Thales of Miletus (fl. c. 585 BC) is regarded as the father of philosophy. He is also considered the founder of Milesian school and one of the seven sages. Only few fragmentary sources survive from Thales’ work. Some ancient authors ascribe to him, without serious justification, a work with the name Nautical Star-guide while according to some others he wrote only two works: On the Solstice and On the Equinox.

Astronomy and Mathematics

Thales was also a great astronomer and mathematician. It is significant that he foretold the eclipse of the sun in 585 BC. Thales was an avid traveler. Herodotus provides important evidence for Thales’ activities as statesman and engineer. He seem to measure the pyramids of Egypt by their shadow, having observed the time when our shadow is equal to his height. As a mathematician, Thales is famous for his theorems, three of which are attributed to him by Proclus: circle bisected by diameter; angles at base of isosceles triangle are equal vertically opposed angles are equal.

The Water

Thales was the first Greek philosopher to speculate about the primary material element or source (arche) of all beings and cosmic phenomena, which he identified as water (hydor). The importance of water in life and nature was probably the principal reason that made Thales came to this conclusion. According to another viewpoint, Thales probably follows the traditional Homeric world-image and more precisely that of Oceanos; the river source of all mortal and immortal life. On this basis, Thales states that the earth floats on water like a raft.

Pantheism

Thales’ monistic view of water leads him to animistic pantheism. Since water is the divine source of all living things and so all animate and inanimate things can be alive, then the whole world is full of gods.
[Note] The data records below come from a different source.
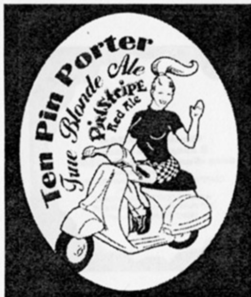
USA – Durango, CO
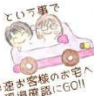
早速がお客様のお宅へ現場確認にGO!!

前号でチョコッと小さくご紹介した洗面脱衣場の暖房器具『HOTウォール』 色々なナット、すぐに反響がありました！☆
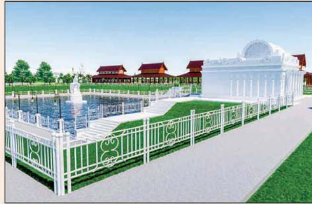
မုစလိန္နုအိုင်

၁။ နိုင်ငံတော်စီမံအုပ်ချုပ်ရေးကောင်စီဥက္ကဋ္ဌ၊ တပ်မတော်ကာကွယ်ရေးဦးစီးချုပ် ဗိုလ်ချုပ်မှူးကြီးမင်းအောင်လှိုင် ဦးဆောင်သည့် (၇)ရက်သား၊ သမီး၊ ဘုရားဒါယကာ၊ ဒါယိကာမတို့က မာရဝိဇယပုဒ္ဓရုပ်ပွားတော်မြတ်ကြီးအား မြန်မာနိုင်ငံတွင် ထေရဝါဒပုဒ္ဓသာသနာတော်ထွန်းလင်းတောက်ပလျက်ရှိသည်ကို ကမ္ဘာကိုပြသရန်၊ တိုင်းပြည်အေးချမ်းသာယာမှုရှိစေရန်၊ ရုပ်ပွားတော်မြတ်ကြီးအား ပြည်တွင်း၊ ပြည်ပဘုရားဖူးများလာရောက်ခြင်းဖြင့် ဒေသတိုးတက်စည်ကားမှုကို အထောက်အကူဖြစ်စေရန်၊ နိုင်ငံတော်ဖွံ့ဖြိုးတိုးတက်မှုအား အထောက်အကူဖြစ်စေရန် ရည်သန်လျက် ပြည်ထောင်စုနယ်မြေ နေပြည်တော်၊ ဒက္ခိဏသီရိမြို့နယ်အတွင်း၌ သာသနာတော်ထိုး၊ ရုပ်ပွားဆင်းတုတော်ထိုး၊ မြန်မာ့ရိုးရာတည်ထုံးများနှင့်အညီ တည်ဆောက်ပူဇော်လျက် ရှိပါသည်။
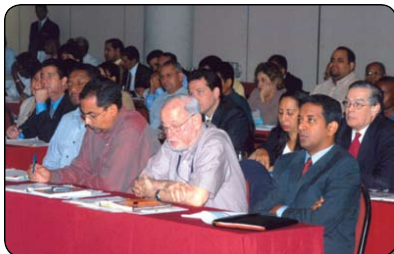
Vista parcial de los asistentes al Seminario-Taller “La Propuesta de Ley de Partidos y Agrupaciones Políticas”.
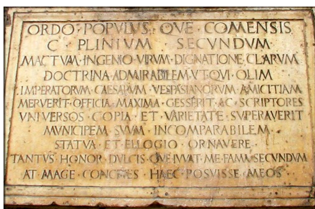
Targa in onore di Plinio il Vecchio, posta sulla facciata della Cattedrale di Como, città in cui lo scrittore latino era nato nel 23 d.C.

anche di carattere politico e morale, e ne traspare l'ideale cui P. conformò la sua vita: il desiderio vivo e costante di imparare, in un uomo per cui il sapere era la condizione fondamentale dell'esistenza umana. La sua opera, letta e studiata nei secoli successivi e nel Medioevo (che ne ha tramandati 200 manoscritti), consultata con venerazione nel Rinascimento, rimane oggi documento fondamentale delle conoscenze scientifiche dell'antichità.
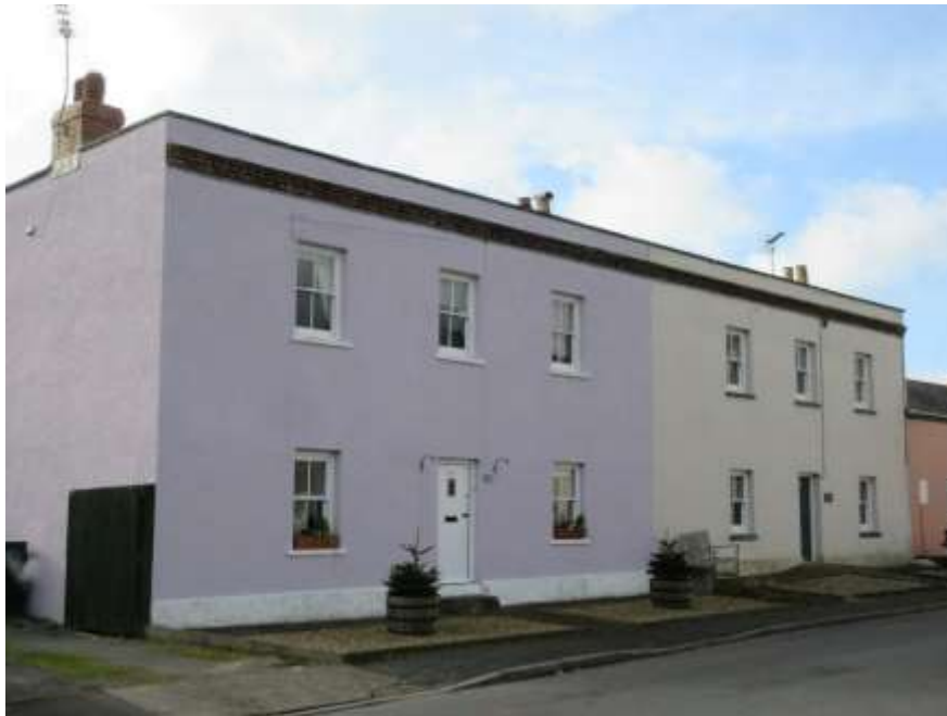
Ffigwr 8 – Adeiladau Rhestredig Gradd II.
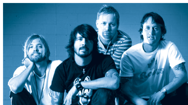
[ Grupo de rock reciente ]
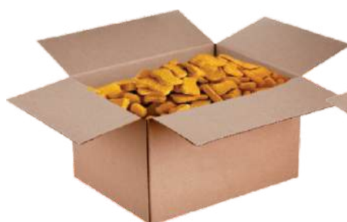
Рыбный полуфабрикат из рыбы тресковых пород: «Наггетсы»
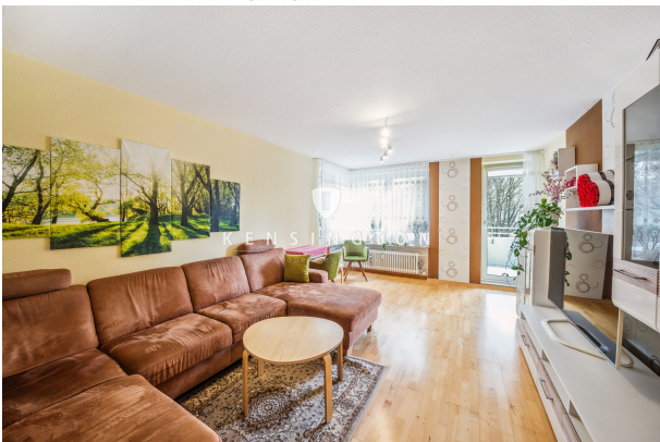
Wohnzimmer mit Zugang zum Balkon
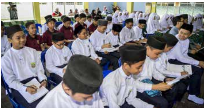
PELAJAR Tahun 7, Ma' had Islam Brunei yang mengikuti Taklimat Kenegaraan pada 26 Februari 2019.
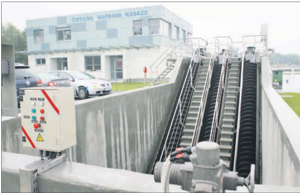
Čistilna naprava v Kasazah je že nekaj časa zgrajena, kanalizacija pa še vedno ne.
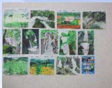
【応募作品展示の様子】

また、平成23年7～8月に、兵庫県と鳥取県の山陰海岸ジオパークエリアの小学校4～6年生を対象としたイベント「山陰海岸ジオパークの絵を描こう！」を鳥取銀行様と連携して実施するなど、「山陰海岸ジオパーク」のPR活動を行っております。
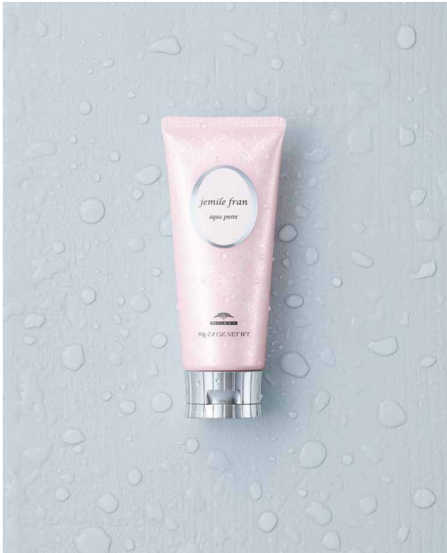
ジェミールフラン アクアピュレ 80g ¥1,600(税抜)

●ミルボン製品は、ヘアデザイナーのアドバイスによりご使用いただく、美容室専売品です。 ●本掲載のヘアスタイル等の写真および、記事・イラスト・ロゴなどの無断転載・複製・改変は、法律により禁じられています。
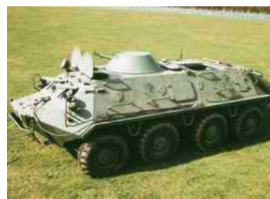
Бронетранспортёр (БТР) — боевая бронированная машина, предназначенная для транспортировки личного состава к переднему краю.

Родственными бронетранспортёру машинами являются боевые машины пехоты (БМП). Как правило, БМП отличается от БТР лучшей защитой и более высокой огневой мощью, хотя, в последнее время разработаны варианты гусеничных БТР на базе танков с противоснарядным бронированием и различия между гусеничными БТР и БМП по их боевым свойствам практически исчезли. Визуально отличить такой БТР от БМП можно только по
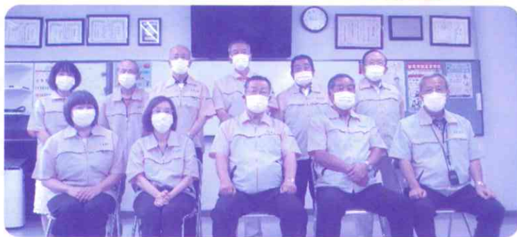
大杉学区地域支えあい事業のみなさま
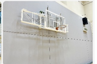
バスケットゴール

This conclusion leads Thales to suggest that the real substance of soul and nature is water since water’s power is fundamentally kinetic.

Testimonies

Aristotle Metaphysics 983b6

... for there must be some natural substance, either one or more than one, from which the other things come-into-being, while it is preserved. Over the number, however, and the form of this kind of principle they do not all agree; but Thales, the founder of this type of philosophy, says that it is water...

Aristotle De Anima IIa7

And some say that it [soul] is intermingled in the universe, for which reason, perhaps, Thales also thought that all things all full of gods.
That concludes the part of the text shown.